Delhi NCR seems to have emerged as one of the strongest startup ecosystems in the country. From internet to mobility and ITES/BPO/KPO, the quality of startups is compelling. However, of late, there has been a view that the tech ecosystem is not keeping pace. I was having a chat with a friend, who pointed out the following “facts”:
- HasGeek is been doing some amazing work in tech events…they are probably the leaders in the tech. events space. They tried NCR couple of times and now have written off. I’m trying to work with them to bring some of their events in NCR.
- In50Hrs has written of Delhi. They did 2 events and now have moved to Trivandrum.

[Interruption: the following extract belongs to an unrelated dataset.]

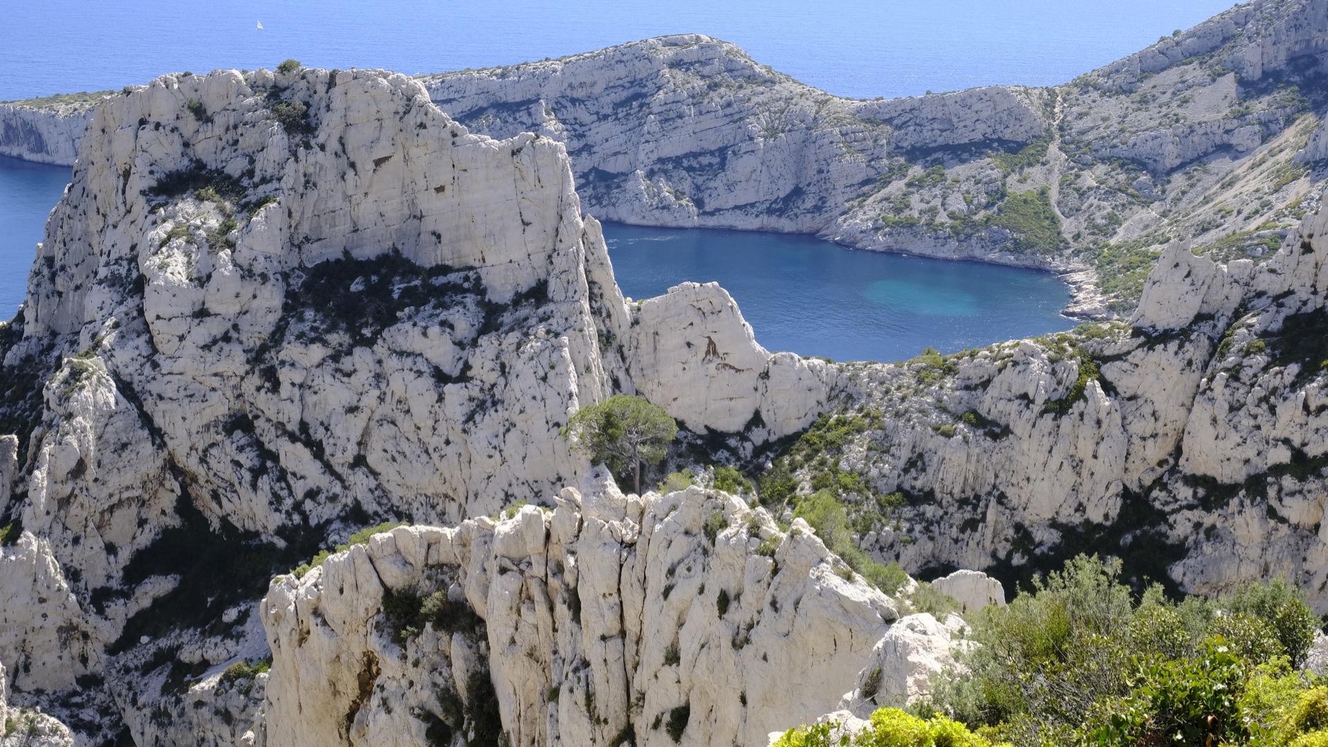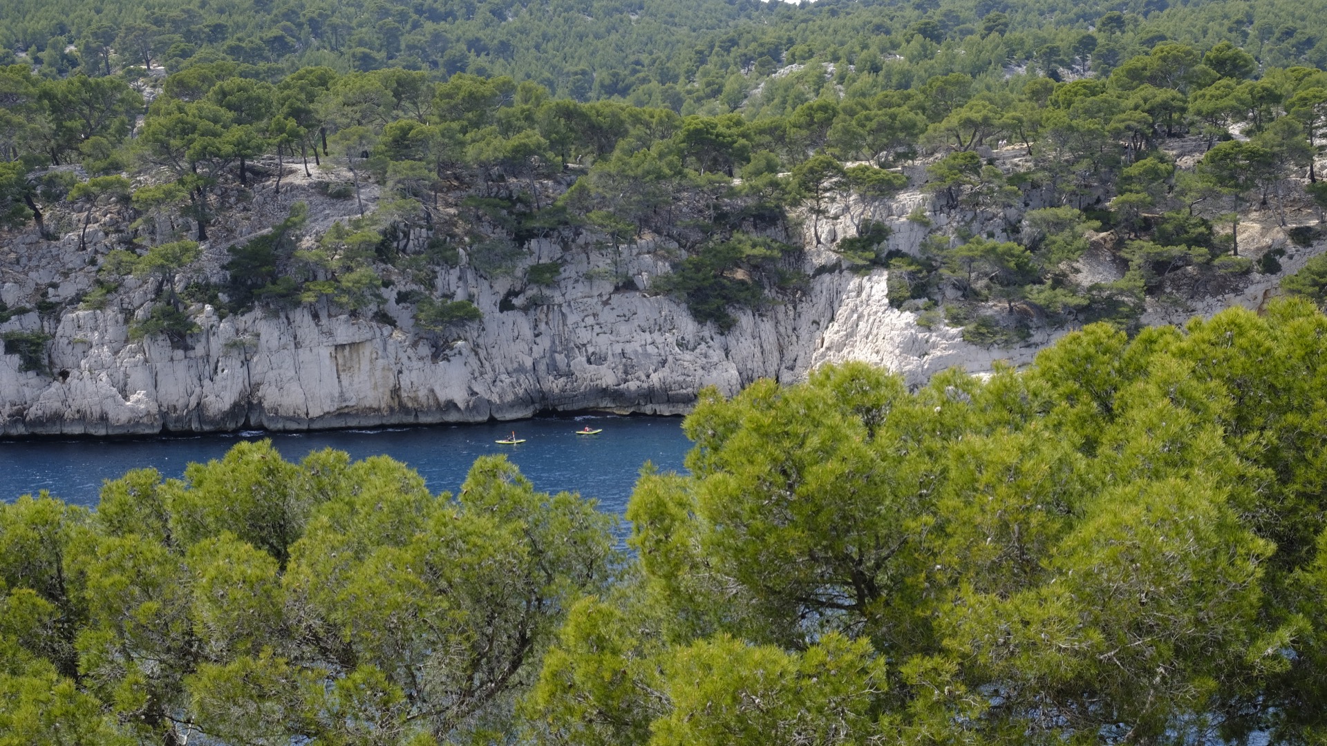Descending to the town, for lunch, and then walking down the coast to Miou harbor in the Calanques of Cassis, where people have their private boats to explore the Calanques by sea. In this way, you get a pretty good sense of what life in Cassis can be with its mountains and hiking, sea and boating, beaches and swimming.
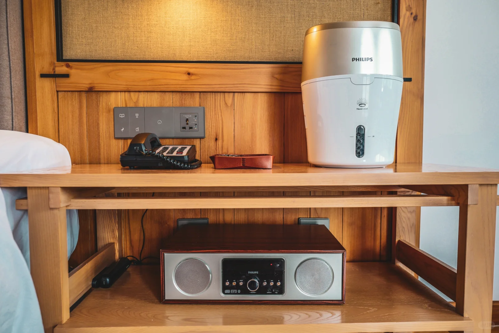 房间的设计简约大气,原木地板脚感很好,24小时弥散供养有安全感,戴森电吹风,加热式毛巾架,迷你吧免费,细节很可。

- MobileHackday – a hackathon done recently at one of the companies in gurgaon did not attract many people…they had to close the event and did not even have the jury members to come and look at the prototypes.
- At Startup Weekend Delhi, there are around 12-14 ideas presented…atleast 8 teams present a powerpoint presentation and probably 4 present a prototype…Bangalore is just the opposite.
- Some startups have started moving the tech. base to Bangalore 🙂
I have not checked with respective organizations mentioned above, but will take this at face value given the credibility of the person who mentioned the above. Also, given the spread of events, I am making an assumption that this is not a reflection on quality of individual events. I also do not view this as a notion of delhi versus bangalore, but more an issue around the depth of tech ecosystem in delhi area, and whether it is growing stronger or weaker. I say “tech ecosystem” not in the semiconductor research sense, but typical depth that startups are relying on (application/ systems level).
In fact, the other thread it sparked in my mind was cultural and cutting across the country – are we propagating a culture of startup formation that relies on learning from the community and widespread exchange of ideas? That could be the other reason where founders and their teams might be putting their heads down and building their business, rather than throng events.
Would love to get comments on this. And if this is a real issue, what can we do about it.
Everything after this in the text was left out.